**SUPPLIED DATA**.
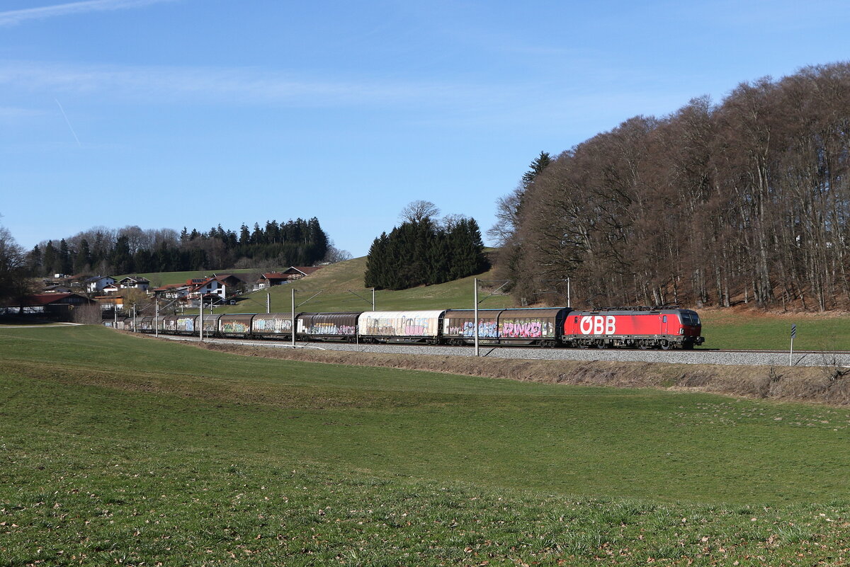 1293 192 mit einem gemischten Güterzug am 2. September 2022 bei Grabenstätt im Chiemgau.
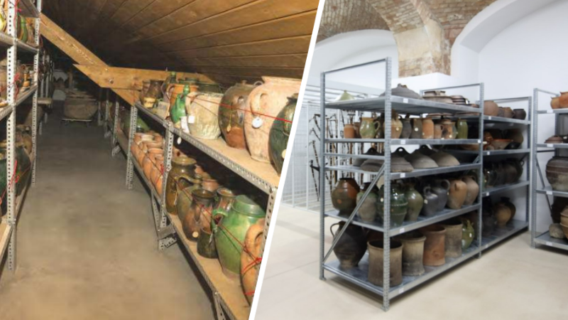 Hrvatska je ovih dana dobila novu, jedinstvenu muzejsku čuvaonicu. Nalazi se na zagrebačkom Gornjem gradu, odnosno u, sve do nedavno napuštenoj, zgradi Zemaljske uzorite pivnice u Kačićevoj ulici. Riječ je o projektu koji je Etnografski muzej proveo uz potporu Ministarstva kulture i medija koje je sredstvima Fonda solidarnosti sufinanciralo dio zbrinjavanja muzejske građe. Ista se dosad čuvala kao što je prikazano na fotografijama označenima sa “prije”.
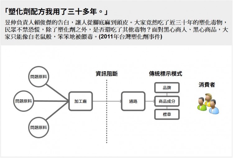 傳統的標章模式已經淪陷,消費者只能選擇相信銷貨架上的標示,無法確認真偽。任何標章 都只是片面之詞,消費者資訊被混充蒙蔽的可能性非常高。我們需要消費者真正心安,而不是只具象徵意義的符號。

**WHAT IS REQUIRED**.
Print the entire listing above verbatim. No picture should be included.

**EXERCISE ANSWER**.
 1293 192 mit einem gemischten Güterzug am 2. September 2022 bei Grabenstätt im Chiemgau.
 Hrvatska je ovih dana dobila novu, jedinstvenu muzejsku čuvaonicu. Nalazi se na zagrebačkom Gornjem gradu, odnosno u, sve do nedavno napuštenoj, zgradi Zemaljske uzorite pivnice u Kačićevoj ulici. Riječ je o projektu koji je Etnografski muzej proveo uz potporu Ministarstva kulture i medija koje je sredstvima Fonda solidarnosti sufinanciralo dio zbrinjavanja muzejske građe. Ista se dosad čuvala kao što je prikazano na fotografijama označenima sa “prije”.
 傳統的標章模式已經淪陷,消費者只能選擇相信銷貨架上的標示,無法確認真偽。任何標章 都只是片面之詞,消費者資訊被混充蒙蔽的可能性非常高。我們需要消費者真正心安,而不是只具象徵意義的符號。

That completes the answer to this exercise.